=== Your objective ===
Omit every picture, and retype the lines that run from the beginning of the data below through the line containing "Please see our", inclusive.

** Opening Material provided block **

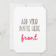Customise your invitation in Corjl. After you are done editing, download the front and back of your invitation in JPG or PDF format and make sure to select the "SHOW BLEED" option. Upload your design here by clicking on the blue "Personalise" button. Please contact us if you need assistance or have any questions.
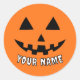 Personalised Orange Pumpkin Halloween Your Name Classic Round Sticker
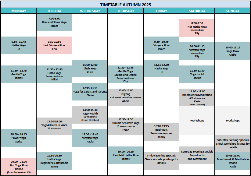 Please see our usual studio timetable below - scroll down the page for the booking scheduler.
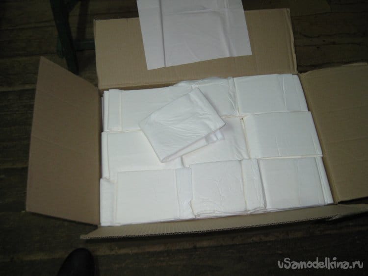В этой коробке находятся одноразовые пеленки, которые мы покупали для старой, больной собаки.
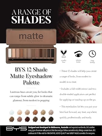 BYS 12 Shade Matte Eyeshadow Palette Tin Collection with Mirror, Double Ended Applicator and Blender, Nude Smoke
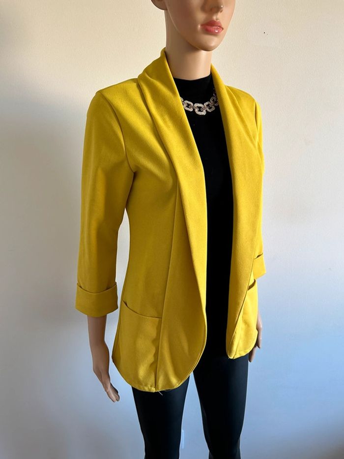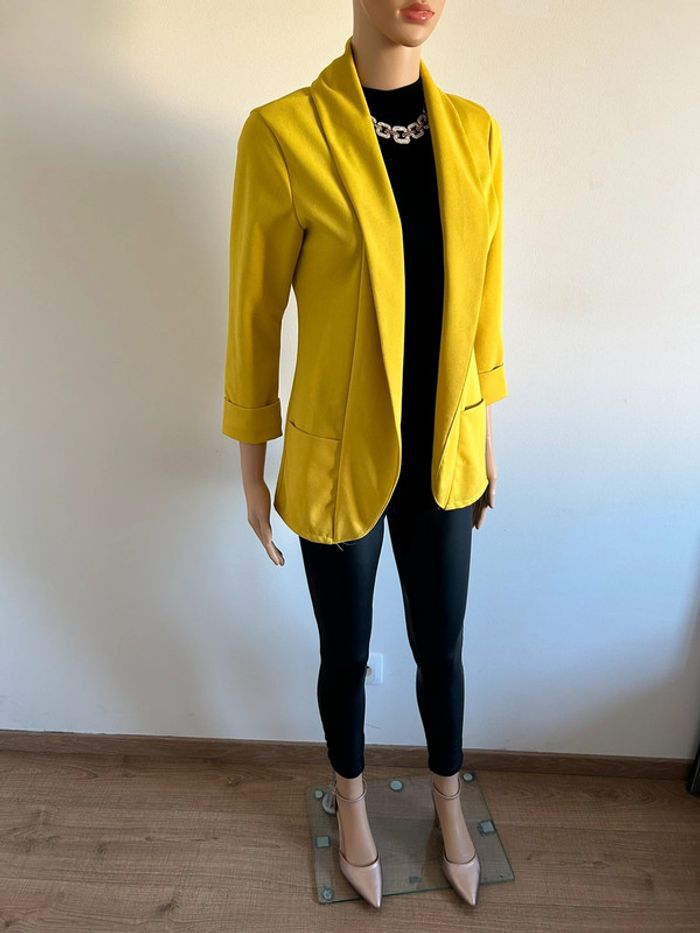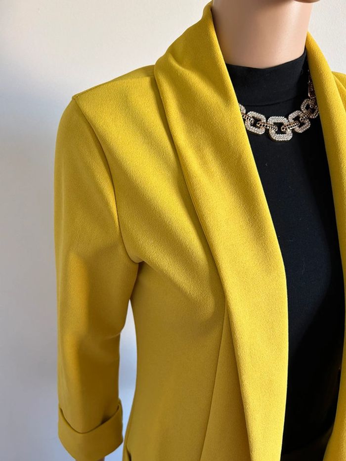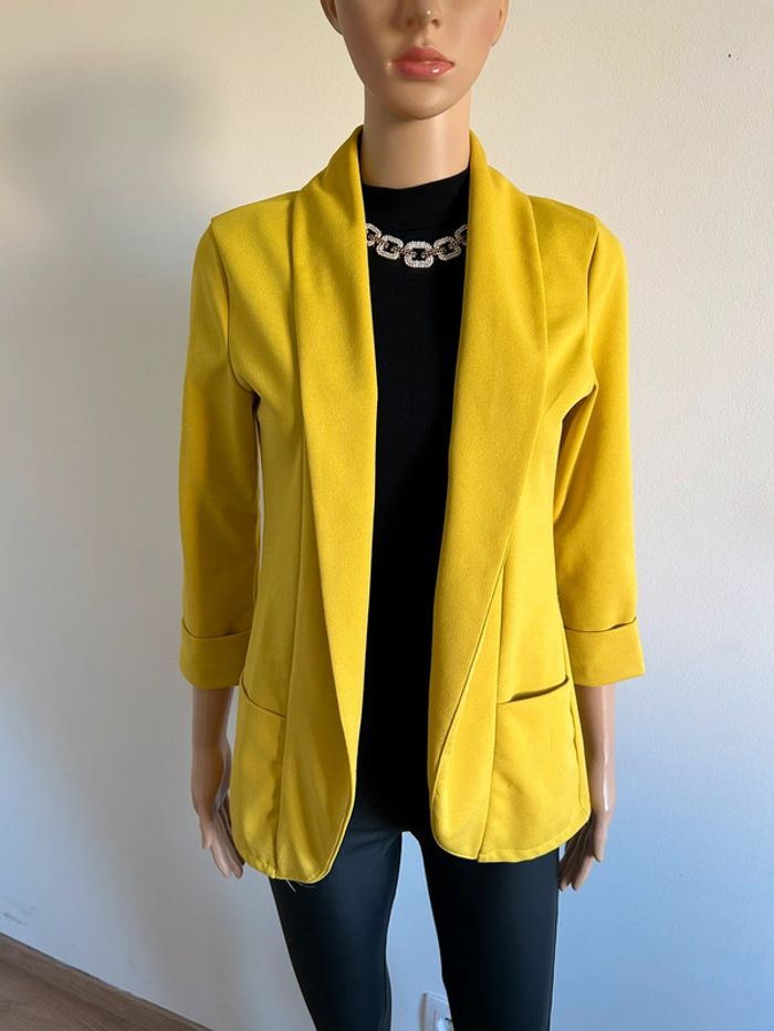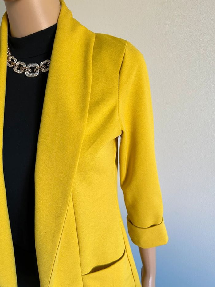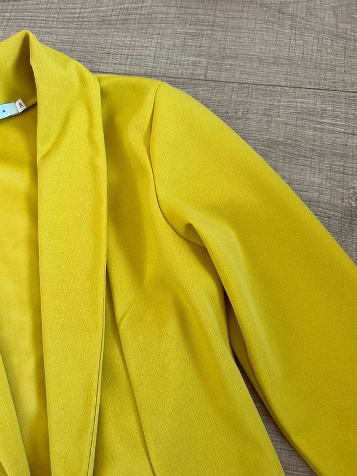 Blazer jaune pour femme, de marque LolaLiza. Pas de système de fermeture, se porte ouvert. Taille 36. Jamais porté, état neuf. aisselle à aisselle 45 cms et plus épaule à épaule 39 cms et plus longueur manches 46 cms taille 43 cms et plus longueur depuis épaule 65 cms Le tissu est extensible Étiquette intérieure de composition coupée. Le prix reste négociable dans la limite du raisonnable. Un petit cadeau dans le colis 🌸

** Closing Material provided block **

=== The answer ===
Customise your invitation in Corjl. After you are done editing, download the front and back of your invitation in JPG or PDF format and make sure to select the "SHOW BLEED" option. Upload your design here by clicking on the blue "Personalise" button. Please contact us if you need assistance or have any questions.
 Personalised Orange Pumpkin Halloween Your Name Classic Round Sticker
 Please see our usual studio timetable below - scroll down the page for the booking scheduler.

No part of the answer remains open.